Demo on linux1 and linux2
Step 1: start tcp_writer on the host system, tcp_reader on linux2
Step 2: block the traffic with
iptables --table filter --append FORWARD --destination
linux2 --protocol tcp --source-port 5431 --jump DROP
And then unblock with
iptables --table filter --delete FORWARD
--destination linux2 --protocol tcp --source-port 5431 --jump DROP
or
iptables --table filter --delete FORWARD 1
Note that putting this rule in the INPUT or OUTPUT chains has no effect. We
could use the POSTROUTING chain, but it doesn't support the FILTER table.
iproute2
ipRoute2 has some functional overlap with iptables, but it is fundamentally
for general routing, not firewalls (though note that firewalls are a
special-purpose form of routing).
iproute2 features support for:
- NAT
- tunnels
- load balancing; rate-limiting
- queuing discipline
- Route traffic from some hosts using a different path; eg if subnetA
has private highspeed link
- route traffic according to Acceptable Use Policy
- Throttle bandwidth for certain computers
- Throttle bandwidth TO certain computers
- Help you to fairly share your bandwidth
- Protect your network from DoS attacks
- Protect the Internet from your customers
- Multiplex several servers as one, for load balancing or enhanced
availability
- Restrict access to your computers
- Limit access of your users to other hosts
- Do routing based on user id (yes!), MAC address, source IP address,
port, type of service, time of day or content
- Firewall DROP choice between BLACKHOLE and ADMINISTRATIVELY_DENY
- give priority to VOIP traffic (perhaps also limiting bandwidth)
A typical iproute2 triad involves:
Address |
CIDRed IP address (eg 147.126.2.0/23) |
Next Hop
|
defines how to get to the address |
Rule |
defines when the above applies
|
Classically, routing involves only the first two elements: given a
destination, we route to a given NextHop. (Sometimes the Type_of_Service
bits are included in the routing destination too). iproute2 allows us to
introduce rules to take into account:
- ip destination address
- ip tos/qos bits
- ip source
- arrival interface
- other ip bits (eg ECN)
- tcp/udp port
- tcp-flags
- tcp connection state (man iptables => state)
- connlimit (to limit the number of connections from/to a host)
- payload data
- packet "fwmark" marks (perhaps indicating a userid?)
The central idea of iproute2 is to have multiple
classic ⟨dest,next_hop⟩ tables, with the desired table selected by the Rule
portion.
The ip command
old approach was to have interfaces have one "primary" ip addr and then
several "coloned" subinterfaces:
eth0 192.1.2.3
eth0:1 10.3.4.5
eth0:2 200.9.10.11
All address assignments are on equal footing now.
iproute2 has multiple tables, but is slightly different from "iptables". The
tables of iproute2 are actual routing tables.
Basics of the ip command:
ip link show|list list interfaces
ip address show|list show ip addresses
ip route show|list
ip rule show|list not on ulam2, but does work on ulam3
0: from all lookup local
32766: from all lookup main
32767: from all lookup default
The above is a list of rules
determining which table is used.

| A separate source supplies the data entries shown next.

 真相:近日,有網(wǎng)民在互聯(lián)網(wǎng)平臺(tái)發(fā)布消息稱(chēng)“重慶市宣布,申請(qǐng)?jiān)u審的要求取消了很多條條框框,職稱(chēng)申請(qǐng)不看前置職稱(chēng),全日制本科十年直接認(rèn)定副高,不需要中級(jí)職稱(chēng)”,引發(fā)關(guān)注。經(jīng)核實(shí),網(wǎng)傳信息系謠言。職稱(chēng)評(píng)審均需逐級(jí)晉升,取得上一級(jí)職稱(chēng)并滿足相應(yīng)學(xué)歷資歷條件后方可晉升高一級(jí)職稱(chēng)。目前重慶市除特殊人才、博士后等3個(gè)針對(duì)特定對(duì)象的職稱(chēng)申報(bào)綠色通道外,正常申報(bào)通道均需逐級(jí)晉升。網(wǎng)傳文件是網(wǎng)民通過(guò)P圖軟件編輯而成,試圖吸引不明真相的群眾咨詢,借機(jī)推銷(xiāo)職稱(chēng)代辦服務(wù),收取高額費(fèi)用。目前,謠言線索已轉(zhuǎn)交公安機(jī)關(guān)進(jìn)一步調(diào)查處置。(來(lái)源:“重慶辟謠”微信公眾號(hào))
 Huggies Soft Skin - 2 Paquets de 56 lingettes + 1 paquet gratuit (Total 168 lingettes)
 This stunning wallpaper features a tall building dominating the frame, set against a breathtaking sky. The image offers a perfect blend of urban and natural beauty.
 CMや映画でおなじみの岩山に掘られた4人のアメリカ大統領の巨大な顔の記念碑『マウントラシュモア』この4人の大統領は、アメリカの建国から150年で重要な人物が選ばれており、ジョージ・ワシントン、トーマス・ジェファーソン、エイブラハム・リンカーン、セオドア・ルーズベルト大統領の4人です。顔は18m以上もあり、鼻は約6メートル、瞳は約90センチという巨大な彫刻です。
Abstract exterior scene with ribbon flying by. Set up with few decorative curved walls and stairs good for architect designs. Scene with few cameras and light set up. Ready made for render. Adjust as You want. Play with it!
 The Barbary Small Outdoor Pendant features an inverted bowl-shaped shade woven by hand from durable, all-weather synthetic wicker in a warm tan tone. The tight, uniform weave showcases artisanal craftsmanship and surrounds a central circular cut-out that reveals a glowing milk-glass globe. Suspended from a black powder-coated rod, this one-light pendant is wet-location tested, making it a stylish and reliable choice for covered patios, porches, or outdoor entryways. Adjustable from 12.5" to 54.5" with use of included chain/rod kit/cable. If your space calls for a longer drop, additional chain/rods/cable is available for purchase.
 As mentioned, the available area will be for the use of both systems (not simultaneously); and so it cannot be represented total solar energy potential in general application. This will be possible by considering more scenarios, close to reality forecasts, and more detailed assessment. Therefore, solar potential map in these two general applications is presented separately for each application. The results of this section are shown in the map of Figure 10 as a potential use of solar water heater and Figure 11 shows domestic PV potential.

The tables themselves are numbered from 0
to 255; local =255, main=254, and default=253.
Policy routing introduces additional routing tables, one per rule. Local,
main, and default
are the three standard tables.
The default rules here are to use each table for all lookups.
Classical routing uses local and main. The local
table is for high-priority routes for localhost/loopback, and also broadcast
and multicast addresses. (examine ulam3 table with ip
route list table local) Has b'cast and loopback routes
main: classical table
ulam3:
10.213.119.0/24 dev eth0 proto
kernel scope link src 10.213.119.254
10.38.2.0/24 dev eth1 proto kernel scope link src
10.38.2.42
default via 10.38.2.1 dev eth1
default: normally empty. Despite the
name, this has nothing to do with the traditional concept of a default
route.
rules: linearly ordered. Rules can access
- packet destination addr (conventional)
- quality-of-service/type-of-service (also conventional, but rare
outside iproute2)
- packet source addr: "from PREFIX"
- packet incoming interface "iif NAME"
- packet tos "tos TOS"
- fwmark values (packet marking) "fwmark MARK". We can apply a
fwmark using ipTABLES based on any other packet header fields.
The match rule for each of the tables above is to "match everything". Thus,
the local table is consulted first.
For nonlocal traffic that table will not yield a route, and so the main
table is consulted. Usually the main
table has a "default" route that will always match.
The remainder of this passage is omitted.